The reports, including a Wall Street Journal op-ed by two professors from Pepperdine University, have revived the long-discredited argument alleging that capital punishment has a deterrent effect on homicide rates. They are certainly not precise or even consistent with each other, claiming that each execution deters anywhere between three and 74 murders.
Nevertheless, the new reports have captured widespread media attention, which in turn has accorded them a degree of unjustified legitimacy in the public arena. Detailed follow-up studies by prominent social scientists have demonstrated that the available data don't -- and because of inherent limitations probably can't -- support the conclusion that capital punishment deters murder.

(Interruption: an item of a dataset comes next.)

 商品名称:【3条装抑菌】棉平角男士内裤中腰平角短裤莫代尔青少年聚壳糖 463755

The first glaring problem is the studies' failure to consider alternate explanations for declining murder rates in recent years. The possible alternatives include, among other things: the increase of life sentences without release, the improved police "clearance" rates for felonies, and the waning of acute drug epidemics such as the crack problem of the early 1990s. Any study that doesn't take into account these obvious factors can't be taken seriously.

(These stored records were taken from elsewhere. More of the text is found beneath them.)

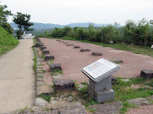 足軽長屋から見た本丸 駐車場を出てすぐのところに《足軽長屋跡 絶景ビューポイント》という案内板があったので立ち寄りました。 その絶景というのが足軽長屋から望む本丸でした。 |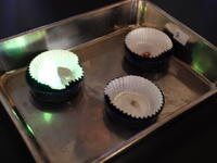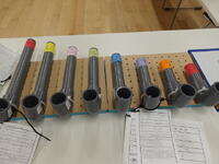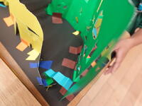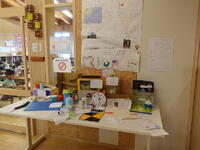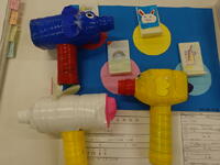水の量をいろいろ変えて絵の具をぬってみる、水の量コーナー 小さな画用紙でお試し!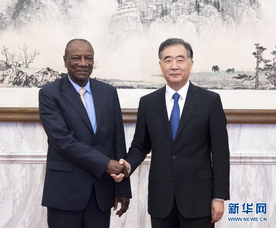 9月1日,全國政協(xié)主席汪洋在北京釣魚臺國賓館會見幾內亞總統(tǒng)孔戴。 新華社記者王曄攝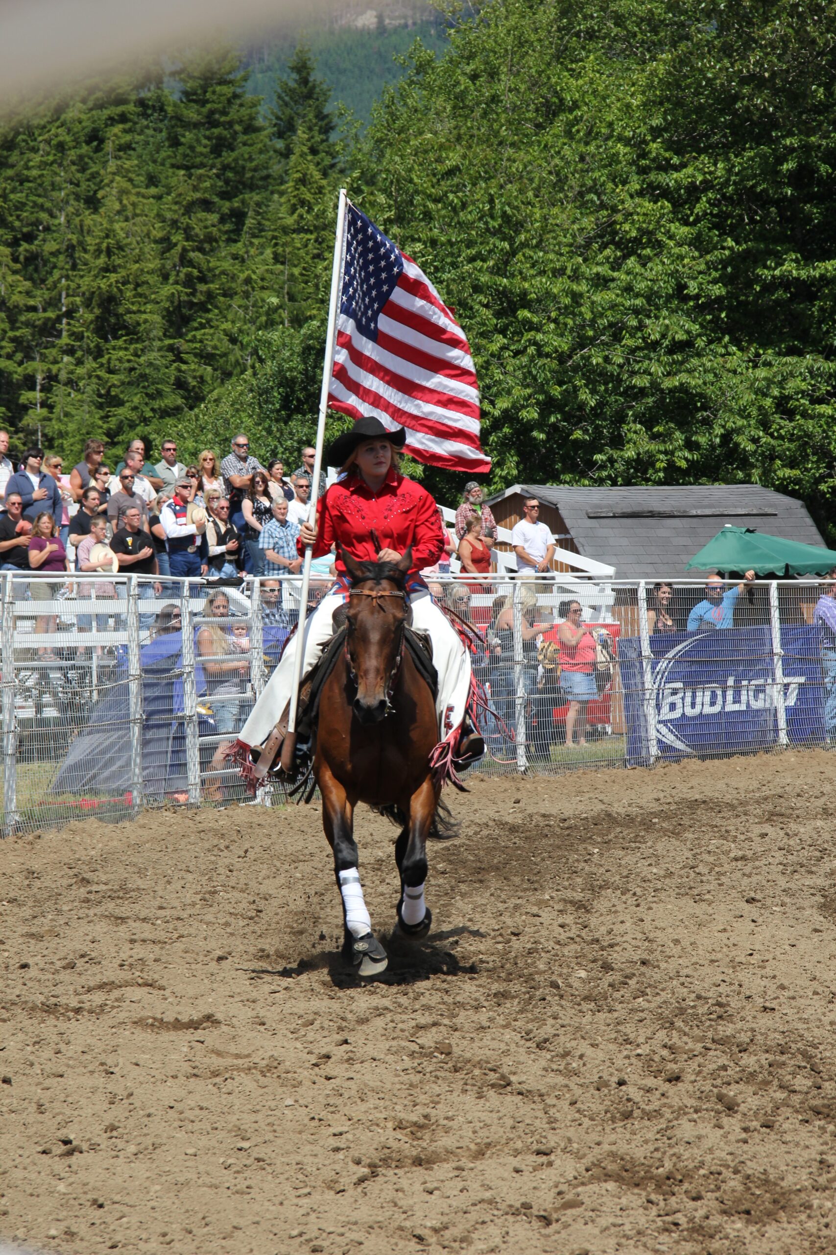 The American flag being paraded during the playing of the National Anthem at the Darrington Rodeo – Credit: Tesia Lingenfelter

Another problem -- inherent to any statistical study of deterrence -- is that the number of executions is small and insufficient to determine with any certainty the effect of executions on homicide rates.
Economist and law professor John Donohue of Yale University, together with economist Justin Wolfers of the University of Pennsylvania, conducted an exhaustive analysis of the datasets used by several deterrence proponents. They reported that, while the evidence pointed more strongly to an increase in homicides following executions, "there exists profound uncertainty" about capital punishment's deterrent or anti-deterrent effect because of the enormous disparity between the number of homicides and the number of executions.

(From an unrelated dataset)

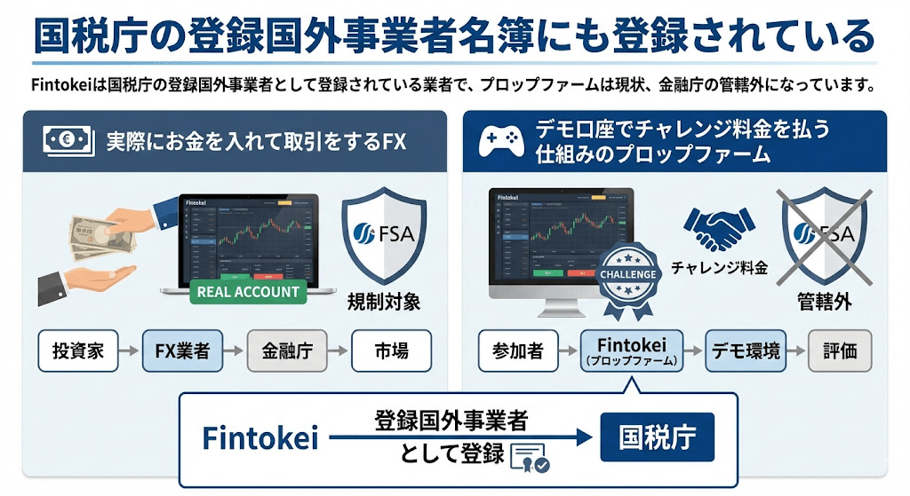 Fintokeiは国税庁の登録国外事業者として登録されている業者で、プロップファームは現状、金融庁の管轄外になっています。

Numerous other studies by distinguished social scientists have reached essentially the same conclusion -- that, like an election poll that samples too few voters, the limited available data render any conclusions meaningless. For example, Jeffrey Fagan of Columbia University, along with other experts, examined the data and found that each execution may save 10 lives -- plus or minus 14 lives. In other words, executions may result in deterrence, no deterrence or more homicides -- not exactly a confidence-inspiring result.
Moreover, the small number of executions makes any conclusions about their influence on homicide rates highly vulnerable to slight changes in the statistical models used. In one of many examples in their analysis, Donohue and Wolfers looked at a deterrence study that had attempted to account for a number of factors that might have influenced execution and homicide rates, including the effect of "partisan influence." This study had concluded that each execution decreases homicides by 18. When Donohue and Wolfers used a slightly different method to account for partisan influence, they found that each execution increases homicides by 18; when they dropped the factor altogether, they found that each execution adds over 50 homicides.
Like the old deterrence studies, the new deterrence studies have been thoroughly debunked -- there is no legitimate or reliable statistical evidence of deterrence. Capital punishment -- the deliberate killing of defenseless human beings -- cannot be statistically, morally or legally defended on the basis that it deters homicides.